DCMetroTheaterArts’ Best of 2015 #11: New York’s Ten Best of 2015 by Richard Seff

It was an active year, heavily marked by new and revisited musicals. The attendance and box office numbers were good, both on and off Broadway. I, as the only writer covering New York theater for DCMTA, could not see everything, but from the 35 plays and musicals I did attend, I submit the ten that I found most distinctive. I list them in no particular order, but all of them rewarded me on any number of levels.

Kristin Chenoweth, Peter Gallagher, Mark Linn-Baker, Michael McGrath, Mary Louise Wilson, and Andy Karl in ‘On the Twentieth Century.’ Photo by Joan Marcus.
Kristin Chenoweth, Peter Gallagher, Mark Linn-Baker, Michael McGrath, Mary Louise Wilson, and Andy Karl in ‘On the Twentieth Century.’ Photo by Joan Marcus.

(1) In mid-March, when I joined DCMetroTheaterArts, I reported that On The Twentieth Century at the Roundabout was in the capable hands of director Scott Ellis and Choreographer Warren Carlyle who gave it a sleek and lively new look.
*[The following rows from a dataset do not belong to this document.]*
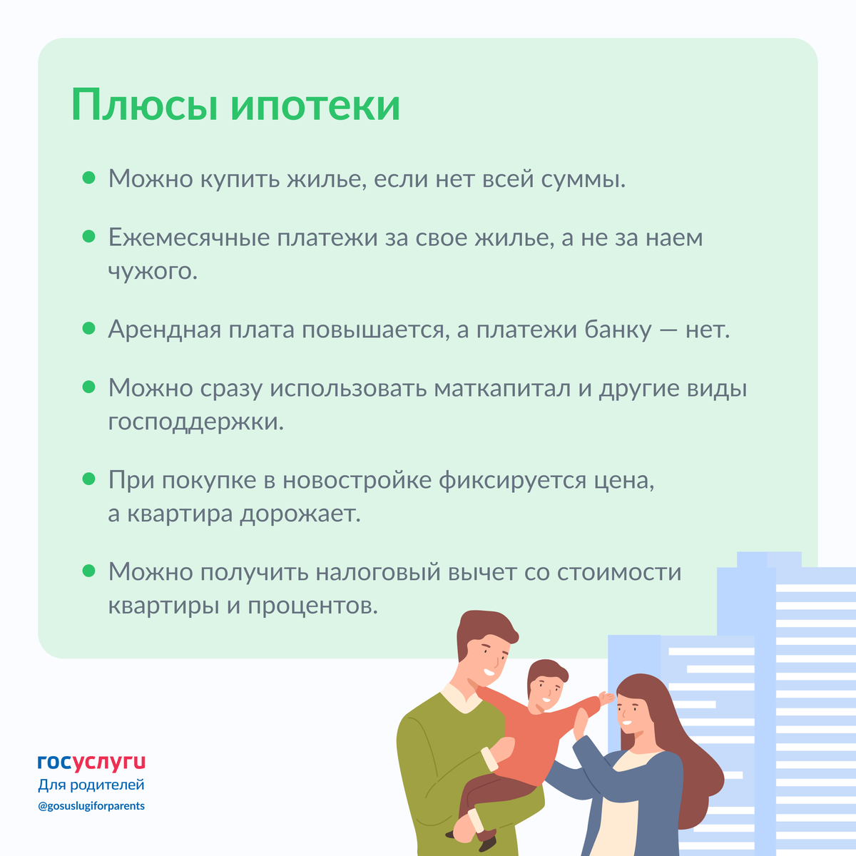Ипотека позволяет быстрее въехать в свое жилье, но при этом придется платить проценты за кредит. Кто-то считает кредит финансовым бременем, для других — это единственная возможность приобрести свое жилье. А некоторые на ипотеке даже зарабатывают. В этих карточках — преимущества и недостатки кредитов на покупку жилья. Условия льготной ипотеки — на сайте спроси.дом.рф. 🔸 Как получить отсрочку платежей по ипотеке в 2022 году @gosuslugiforparents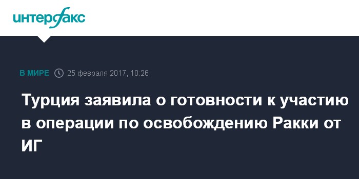 Москва. 25 февраля. INTERFAX.RU - Глава МИД Турции Мевлют Чавушоглу заявил, что Анкара готова к участию в операции по освобождению сирийской Ракки от боевиков террористической группировки "Исламское государство" (ИГ запрещена в РФ) и обсудила этот вопрос с участниками международной коалиции.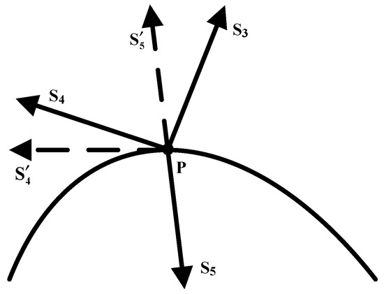 According to Equation (18), the vector S2(X2, Y2, Z2) of the main-tangent plane at the interpolation point is expressed as: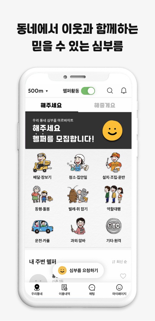 해주세요에서는 사용자 인근을 중심으로 주변 헬퍼들에게 원하는 심부름을 요청할 수 있다. 또 헬퍼 등록을 통해 이웃 심부름을 수행해주고 비용을 받을 수도 있다.

It’s always interesting to see good material interpreted by original artists who, as performers, start from scratch and build their own characters. Certainly Kristin Chenowith, Andy Karl, Mary Louise Wilson, Michael McGrath and Mark Linn-Baker gave us musical comedy fun all night long. Leading man Peter Gallagher is just a bit too sane to have given theatre genius Oscar Jaffe the barely hidden madness that made him move, but he looked the part and sang well.

Comden and Green, late in their careers as book writers and lyricists, here proved they never lost their ability to take perfectly ordinary people and turn them into highly original lunatics and lovers. And Cy Coleman sprinkled his musical notes all along the way. Together all of these gifted artists, totally committed, came up with a merry musical.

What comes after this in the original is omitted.